In Kafka’s “Metamorphosis” there are two main themes. Both of them are connected to the relationship between Gregor Samsa and his family. The first is separation of an individual from the rest of the society. Indeed, a young man Gregor sacrifices his personal happiness to the cause of paying off his parents’ debt to his boss. He works hard on a dog’s job of a travelling salesman, going from one hotel to another, from loneliness to loneliness. Even when at home, he closes all doors leading to his room (he says it was a “cautious habit, acquired from his travelling” (Kafka, 1915)), we can see him putting as much space between himself and his family, which is ever in need of money. Money, which nobody in that family, except Gregor, earns. For we see no other member of the Samsa family at work in the story. His feeling of alienation is so deep that it turns him into a giant bug.

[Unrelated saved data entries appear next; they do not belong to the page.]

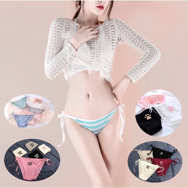 A-77 กางเกงในหญิงน่ารัก เซ็กซี่ กางเกงในทรงบิกินี่ แฟชั่นแบบผูกข้าง เอวต่ำ กางเกงในลายน่ารัก กางเกงในแบบผูก พร้อมส่ง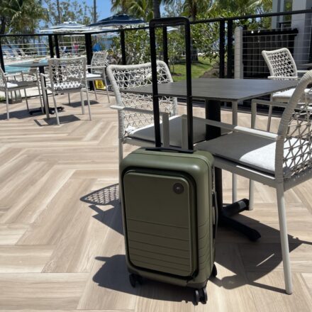 Monos Carry-On Pro The Monos Carry‑On Pro enhances the standard carry-on with a built-in front tech pocket—complete with a padded laptop sleeve and multiple zippered pouches—while retaining Monos’s sleek minimalist design, durable construction, and…
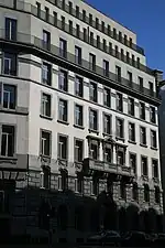 - Ancienne banque de Paris et des Pays-Bas (rues de la Chancellerie 17-17a et rue des Colonies 29-31 à Bruxelles, 1909-1911) [7] : nouvelle aile d'entrée à toiture mansardée et belvédère (rue des Colonies 31);

But, as it can be easily predicted, it turns his family aside of him even more than before. They don’t need Gregor, they need his money to live as they are used to. When he became ill, the only concern of the family was to get rid of him:

How can that be Gregor? If it were Gregor he would have seen long ago that it’s not possible for human beings to live with an animal like that and he would have gone of his own free will. We wouldn’t have a brother any more, then, but we could carry on with our lives and remember him with respect. (Kafka, 1915)

The second theme is sense of guilt. When Gregor is turned into a bug, his only thoughts are of his family: “Well, there’s still some hope; once I’ve got the money together to pay off my parents’ debt to him – another five or six years I suppose – that’s definitely what I’ll do. That’s when I’ll make the big change” (Kafka,1915). There is no self-pity in him, only concern for his family’s wellbeing. Guilt is killing him. He dies alone and deserted, and that for the sake of his family: “Then, without his willing it, his head sank down completely, and his last breath flowed weakly from his nostrils” (Kafka, 1915). So ends the tragic story of a worthy young man named Gregor Samsa.